Ukraine recaptured half the territory from Russia since its invasion

U.S. Secretary of State Antony Blinken said on Sunday that while Ukraine has retaken half of the territory that Russia initially seized in its invasion, Kyiv faced a “a very hard fight” to win back more.

“Ukraine is in a battle to get back more of the land that Russia seized from it,” Mr Blinken told CNN at the Aspen Security Forum in Colorado.

“It’s already taken back about 50 per cent of what was initially seized. Now they’re in a very hard fight to take back more. These are still relatively early days of the counter-offensive. It is tough.

“In terms of what Russia sought to achieve, what [Russian President Vladimir] Putin sought to achieve, they’ve already failed. They’ve already lost.

“The objective was to erase Ukraine from the map, to eliminate its independence, its sovereignty, to subsume it into Russia.

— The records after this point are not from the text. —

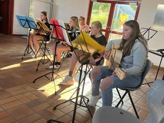 Am Mittwoch, dem 14. Juni 2023, fand im Vorraum der Mensa unserer Schule das jährliche Instrumentalvorspiel statt. Drei Gitarrengruppen und eine Geigengruppe, bestehend aus talentierten Schülerinnen und Schülern der Klassen 5 bis 7, präsentierten vor einem Publikum aus Eltern und Lehrkräften eine beeindruckende Auswahl an kurzen Stücken und ganzen Liedern.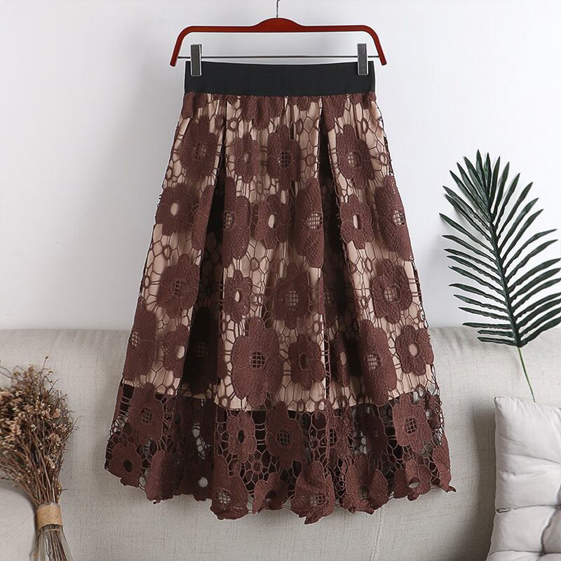 フラワースカート Aラインスカート 花柄 スカート ハイウエスト バックジッパー レーススカート ミドル丈 3カラー. a3487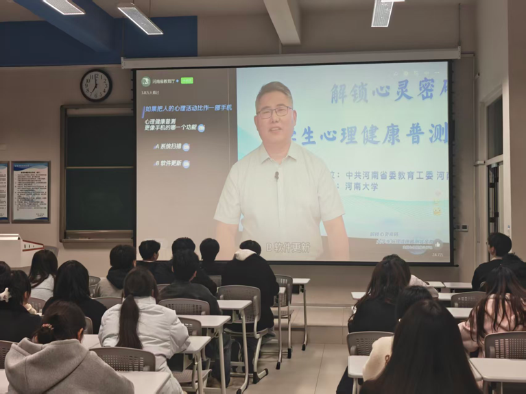 11月14日19点,由省委教育工委、省教育厅主办,河南大学承办的“解锁心灵密码大学生心理健康普测完全指南”主题心理健康公开课活动在线上平台正式开讲。我校积极响应,认真组织各学院学生、辅导员及心理老师等集中观看了此次课程。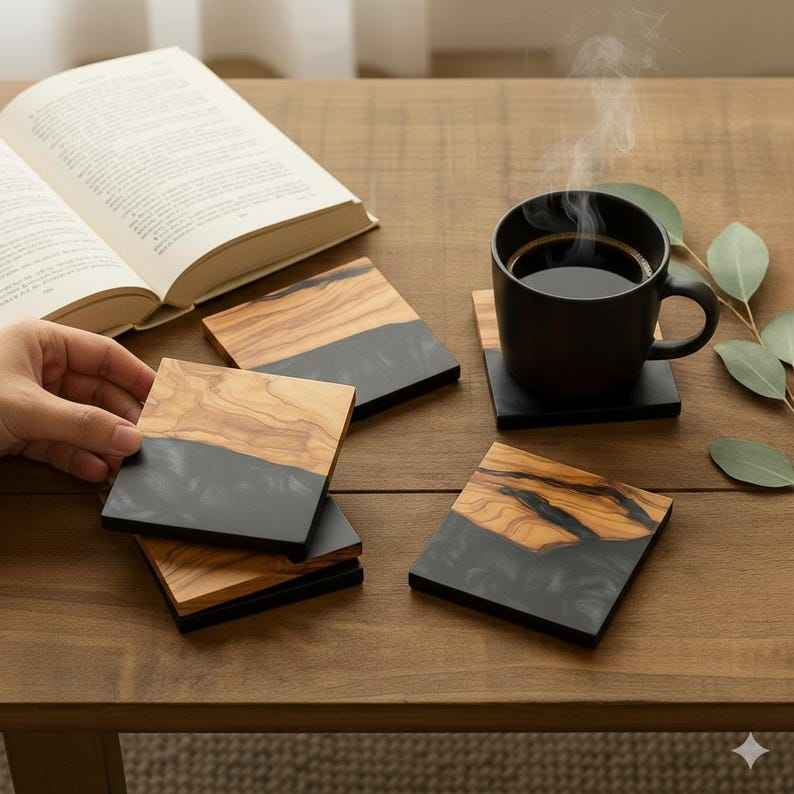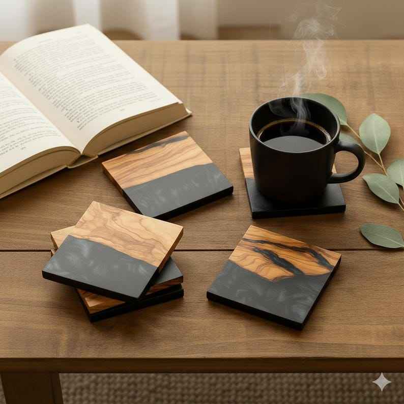 ชุดจานรองแก้วเรซิ่นทรงกลมสีดำ งานแฮนด์เมด ทาสีด้วยมือ เป็นมิตรกับสิ่งแวดล้อม สไตล์เรียบง่ายทันสมัย ยี่ห้อ TIMELESS CRAFT

That failed a long time ago.”

Hopes that Ukraine could quickly clear Moscow’s forces from its territory after the launch of a summer counter-offensive are fading as Kyiv’s troops struggle to breach heavily entrenched Russian positions in the country’s south and east.

Mr Blinken conceded that Ukraine’s goal to reclaim territory captured by Moscow would be “a very hard fight”.

He predicted that the war, which recently passed 500 days, will “not play out over the next week or two” but would continue for “several months”.

Late last month, President Volodymyr Zelenskyy was quoted as saying that progress against Russian forces was “slower than desired” but that Kyiv would not be pressured into speeding it up.

Ukraine has recaptured some villages in the south and territory around the ruined city of Bakhmut in the east, but has not had a major breakthrough against heavily defended Russian lines.

When asked if Ukraine will receive US-made F-16 fighter jets, Mr Blinken said he believed it would.

“And the important focus is on making sure that when they do, they’re properly trained, they’re able to maintain the planes and use them in a smart way,” he said.

A coalition of 11 nations will start training Ukrainian pilots to fly the F-16 fighter jets in August in Denmark, and a training centre will be set up in Romania.

Ukraine has long appealed for the Lockheed Martin-made F-16s, but US National Security Adviser Jake Sullivan said last month there was no final decision on Washington sending the aircraft.

US officials have estimated it would take at least 18 months for training and delivery of the planes.